Vous êtes sur la page 1sur 3

Poetry Ms.

Kerman A Prisoner of Her Past

Zara Hoffman 11/19/12

Margaret Atwood's poem "Up" chronicles the speaker's thought processes in her various attempts to combat her depression; her hope is to rekindle her will to live, despite her past actions and the unknown future. Throughout the poem, the speaker addresses herself in the second person as she tries to wake herself up. Her fear and depression, however, prevent her from getting out of bed to face the world. The constant battle between her past and future, as well as the ideas of death and decay are prominent themes throughout the poem. The first line of the poem, "You wake up filled with dread" (1), illustrates the speaker's omnipresent anxiety concerning the future. This is reiterated in the third stanza when the speaker emphasizes the intimidating nature of the future: "What prevents you? The future. The future tense, / immense as outer space. / You could get lost out there" (13-14). However, the speaker can't float off into space because her past shackles her to her bed: "The past, its density / and drowned events pressing you down, / like sea water, like gelatin / filling your lungs instead of air" (6-9).

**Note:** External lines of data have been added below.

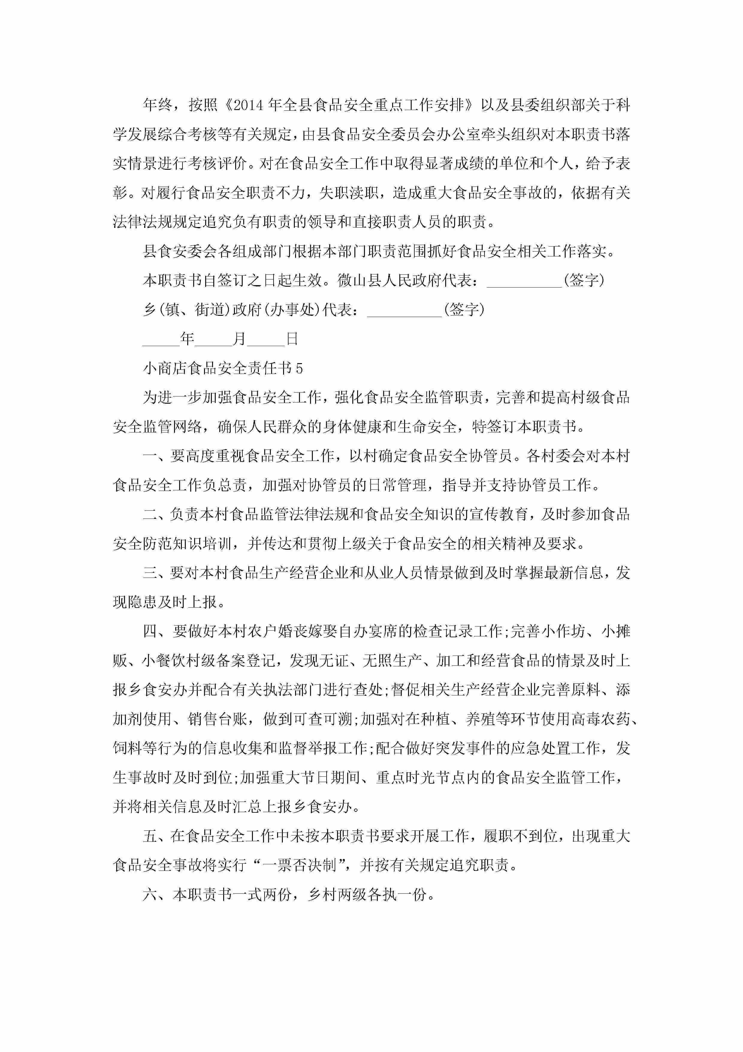 小商店食品安全责任书5篇jugei3月22日 16:26发布关注207 小商店食品安全责任书5篇此内容为付费资源,请付费后查看¥10.9 单篇文档限时特惠¥15个人会员开通企业会员开通立即下载无需登陆!可直接快捷下载单个模板付费资源© 版权声明THE ENDWord模板# 实用文档# 实用模板# 信函模板# 责任书 如有问题,可点击最底部“联系我们”联系客服 分享QQ空间微博QQ好友海报分享复制链接收藏
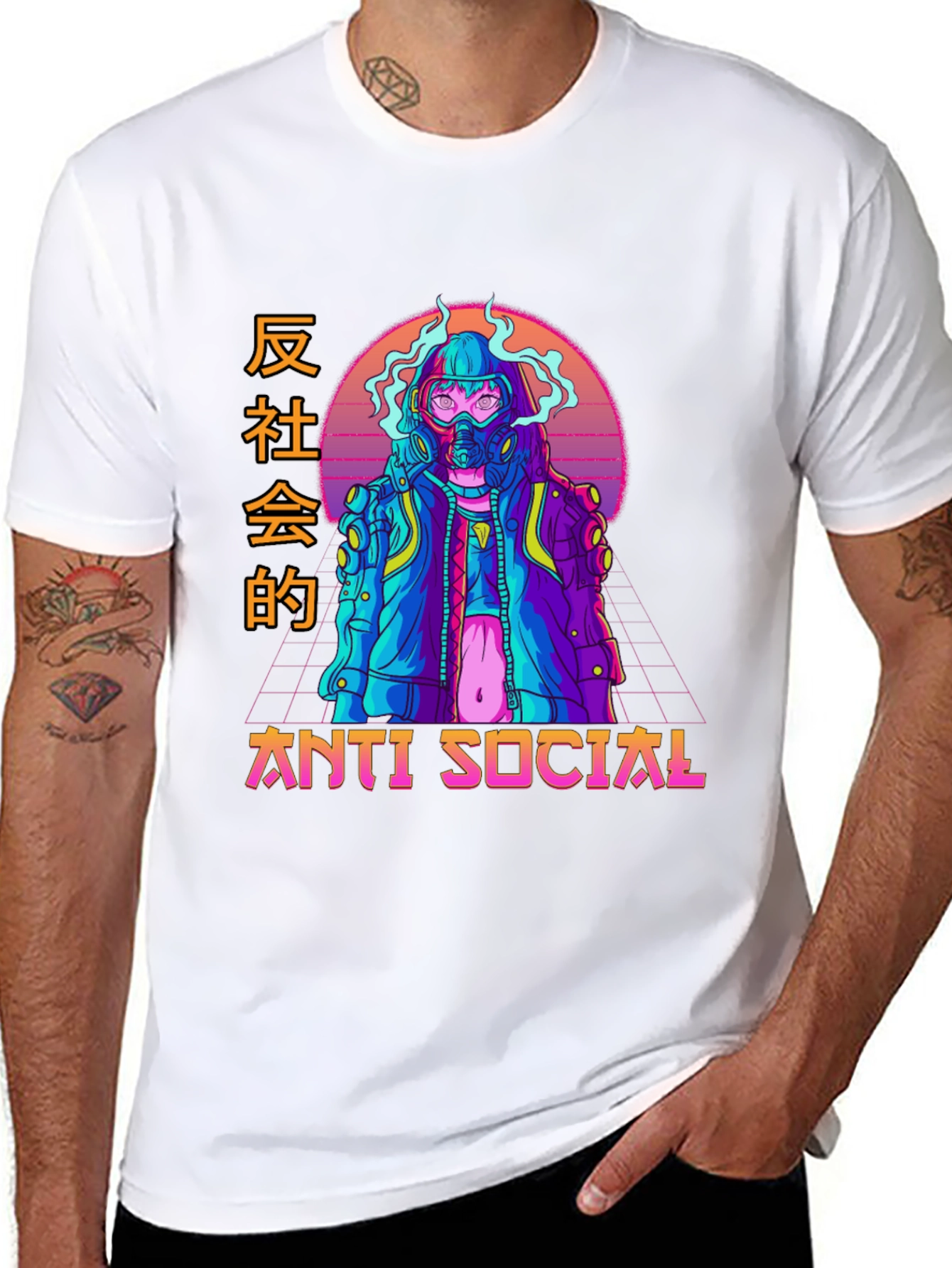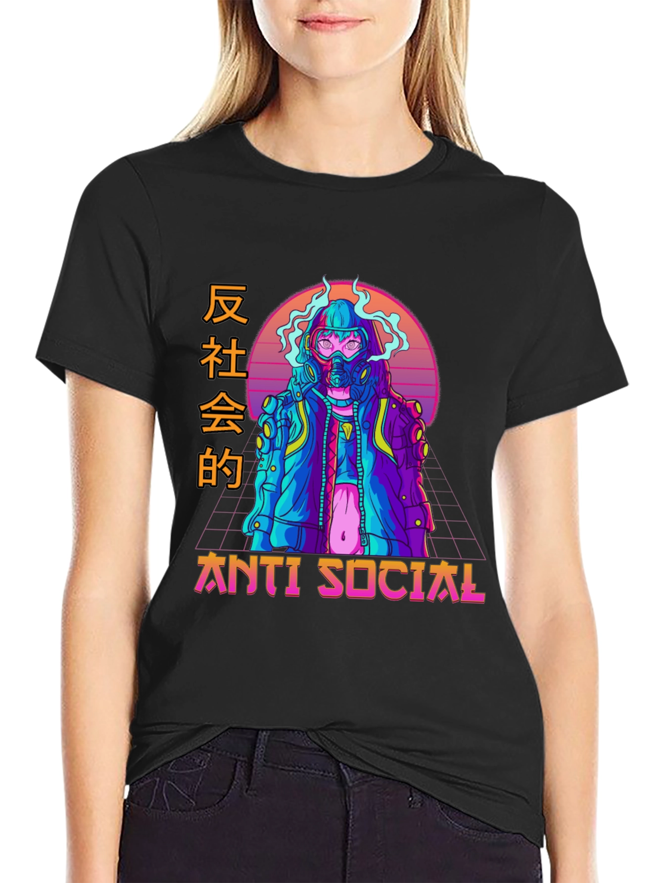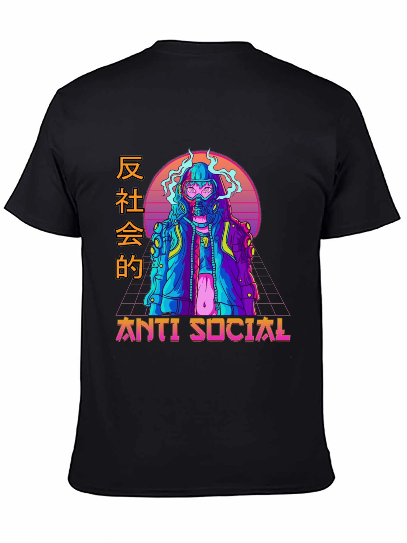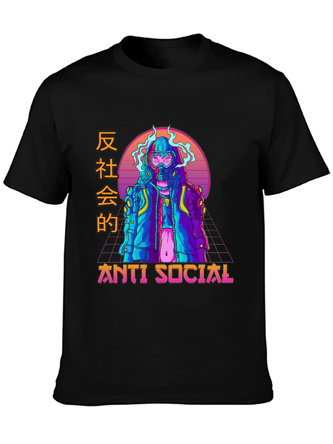 Embrace the future with this eye-catching black t-shirt featuring a vibrant cyberpunk design. The graphic includes a stylized figure wearing a gas mask and futuristic clothing, set against a retro-wave sunset background and grid pattern. Japanese text adds an edgy, international flair. Made from comfortable, breathable fabric, this tee is perfect for casual wear, gaming events, or making a bold statement. Stand out from the crowd with this unique and trendy piece of wearable art.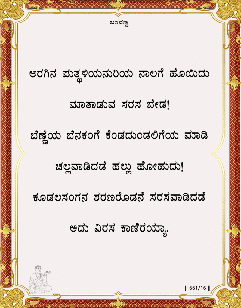 Basavanna here evokes a striking image a butter idol set near a flame, destined to melt away. Just as such an idol cannot endure heat, the human body too is fragile and fleeting. Within this temporary vessel reside instruments of speech the tongue, teeth, and smile meant for the praise of the divine, not for idle talk or mockery among the saints. He warns that to use these perishable tools for frivolous laughter in sacred company is to forget the gravity of human existence. Awareness (Ariwu) of impermanence (mrityu-jñāna) is the foundation of true reverence. Basavanna calls the seeker to a higher mindfulness: to let speech become prayer, thought become humility, and silence itself become an act of devotion.

Unlike her abstract fear of the future, the weight of her past is concretely manifested on a physical level. The contrasting descriptions of the past and future in the third stanza suggest that the speaker is even more burdened by her history than her anxiety about the future. The experience of suffocating is mirrored in the fourth and fifth stanzas: first, when the speaker imagines herself in a burning building, and second, when she addresses a "huge No that surrounds you" (29). In the fourth stanza, the speaker refuses to leave a metaphorical burning building because she has lost the will to live. If one continued this line of logic, eventually the smoke would inhibit her ability to breath, ending in death. The fifth stanza describes the speaker's artificially happy room, a failed previous attempt to lighten her mood. The stanza itself starts out with the paranoid question: "Where is it coming from, this echo, / this huge No that

surrounds you, silent as the folds of the yellow / curtains" (27-30). Yellow, sometimes considered loud and flamboyant, is a color that is generally associated with happiness. However, the yellow curtains are disempowered by silence and so is the "cheerful / Mexican bowl" (30-31) in her room. She likens the omnipresent "No" (28) to her silent surroundings, but because of its menacing connotations, it's deafening. In addition, these lighthearted furnishings were meant to make her happy as she states: "You chose the colors of the sun, / not the dried neutrals of shadow. / God knows you've tried" (33-34). It was a conscious decision for her to place yellow curtains on her window and to buy a vibrant Mexican bowl, but even her attempt at artificially imposing happiness on herself fails. In the second stanza, the speaker states that she "do[es] not dare to eat" (12); she cannot consume the nutrients necessary for survival. Not only does she have a fear of eating, she is afraid of becoming prey, a concept prevalent in animalistic environments, like the "jungle /foliage" (7-8) formed by her "crumpled sheets" (6): "the terry slippers gaping / their dark pink mouths for your feet" (8-9) that are waiting to eat her provide another source of "dread" as mentioned in the first line of the poem. This is another instance where her senses are inhibited. At this point, the speaker cannot move, eat, breathe, or hear; she is living completely cut off from the world, and because of her malnutrition, the speaker's depression becomes life-threatening. Her mortality is addressed in the final stanza. In the sixth stanza, as a final attempt to wake herself up, the speaker imagines she's on her deathbed and that she needs to forgive someone. The implication is that she's been harboring a grudge, a powerful entity of the past. Forgiveness and the subsequent release of that grudge could possible be successful at launching her into the future. This is almost in complete contrast to the third stanza, where the past held her back from entering the future; here it is the engine that propels her into the future before she dies.

The speaker in Margaret Atwood's poem "Up," attempts to fight her depression throughout the poem; the reader, however, is left without knowing whether she is successful and can finally get out of bed. This uncertainty is consistent with the speaker's anxiety about the future, and it provokes the reader into wanting to get up and move in fear of the consequences of being still for too long. The poem not only shows the speaker's struggle with depression, but it gives the message that the only thing that's more frightening than the future is being imprisoned by the past.